Though his family members declined to comment Wednesday afternoon, the defense counsel said that he expects Porter’s supporters to return in force for the sentencing hearing, scheduled for 8:30 a.m. April 22 at Waldo County Superior Court.
“He still has great community respect,” Silverstein said of his client, who has remained in custody in Two Bridges Regional Jail in Wiscasset for more than a year after a judge denied his request for bail. “He’s kept very busy responding to letters from supporters.”
For about an hour in court, Zainea went through the timeline of the events of last February. She said that Tonya Perdomo would have testified about her husband’s decision to drive to Bangor in a rental car, telling his wife that he was going to see a friend for a few days. She asked him if he was going to see Lisa Gould, a Bangor woman Perdomo had been romantically involved with, and he told her he wasn’t.
The last time she heard from her husband was the evening of Feb. 16, when he told her he was on his way to a friend’s house. After that, she heard nothing, Zainea told the court.
Tonya Perdomo eventually looked up the telephone bill and retrieved the last number that Perdomo had called. It was Daniel Porter’s, and she called and texted him 26 times to try to find out where her husband was.
“He texted her back, indicating that Jerry was going up north with Lisa,” Zainea said.
But Tonya Perdomo was worried, and ended up contacting the Bangor Police Department to tell them her husband was missing.
The police investigation ultimately revealed that on the day he was killed, Perdomo packed a gun and two cellphones and told Gould that he had to go collect a debt, according to Maine State Police Detective Brian Strout, who testified at Porter’s bail hearing last March at Waldo County Superior Court.
Porter’s girlfriend, Cheyanne Nowak, met Perdomo at a Route 69 gas station and led him to the rural Jackson home where Porter was staying.
She then left the house to pick up her toddler while the two men were inside playing pool together, Zainea said Wednesday.
Porter later told police that he had owed Perdomo $3,000 and that Perdomo had threatened him and his family. One of the alleged threats was made public during Porter’s bail hearing. At that time, he said Perdomo offered to erase $500 from the debt if Perdomo could rape Nowak on the pool table.
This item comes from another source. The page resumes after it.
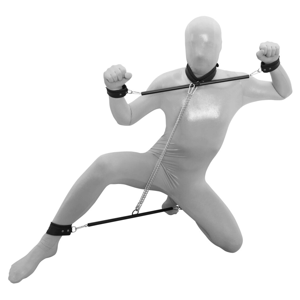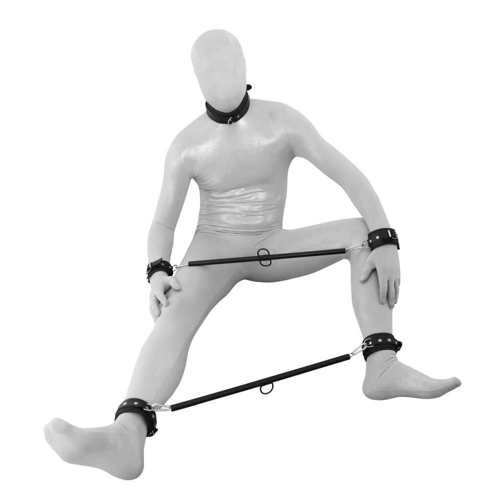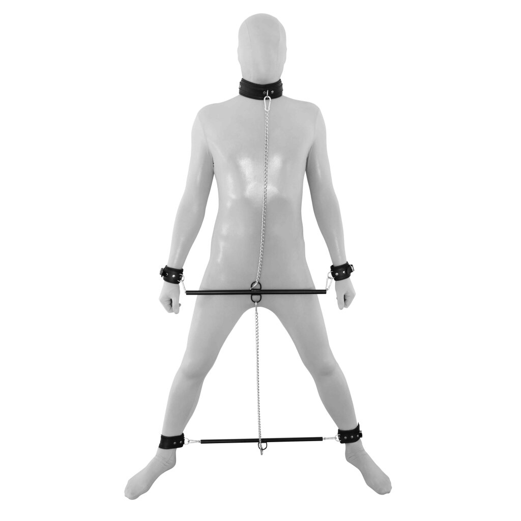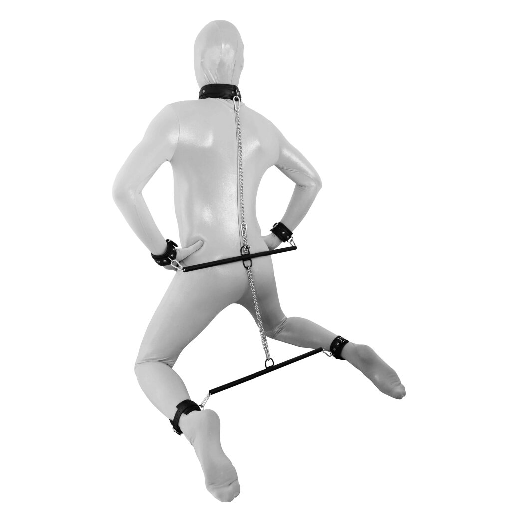 Place your sub in the collar, hand- and ankle cuffs and you are in full control. Enjoy your sub for as long as you like with this Prisoners set.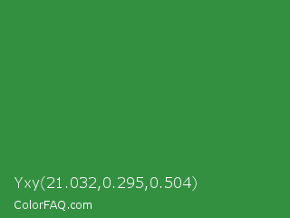 Yxy 21.032,0.295,0.504 Color is a normal green color and the nearest color is Sea Green #2e8b57. Hex code #349041 and RGB value is rgb(52,144,65). In RGB color space, this color is composed of 20% red, 56% green, 25% blue, In CMYK color space, this color is composed of 64% cyan, 0% magenta, 55% yellow , 44% black , In HSL color space, this color has a hue angle of 128° , 47% saturation and 38% lightness.

After Porter shot Perdomo, he wrapped the body in blue tarps and borrowed a friend’s truck to move it several miles into the woods near his grandmother’s home on Dahlia Farm Road in Newburgh, Zainea said.
Nearly two weeks later, after a widespread search effort that included local police, wardens and firefighters from Florida, police found the body on a red sled off a woods path.
The day before they found Perdomo’s body, police obtained a search warrant for the Jackson home and found bone fragments and bloodstains. They arrested Porter then, though some statements he made just before his arrest were ruled inadmissible last week by Justice Murray because of Porter’s level of intoxication at the time.
Tonya Perdomo did not want to comment after Wednesday’s hearing, but a victim witness advocate said the widow likely would want to speak after the sentencing hearing.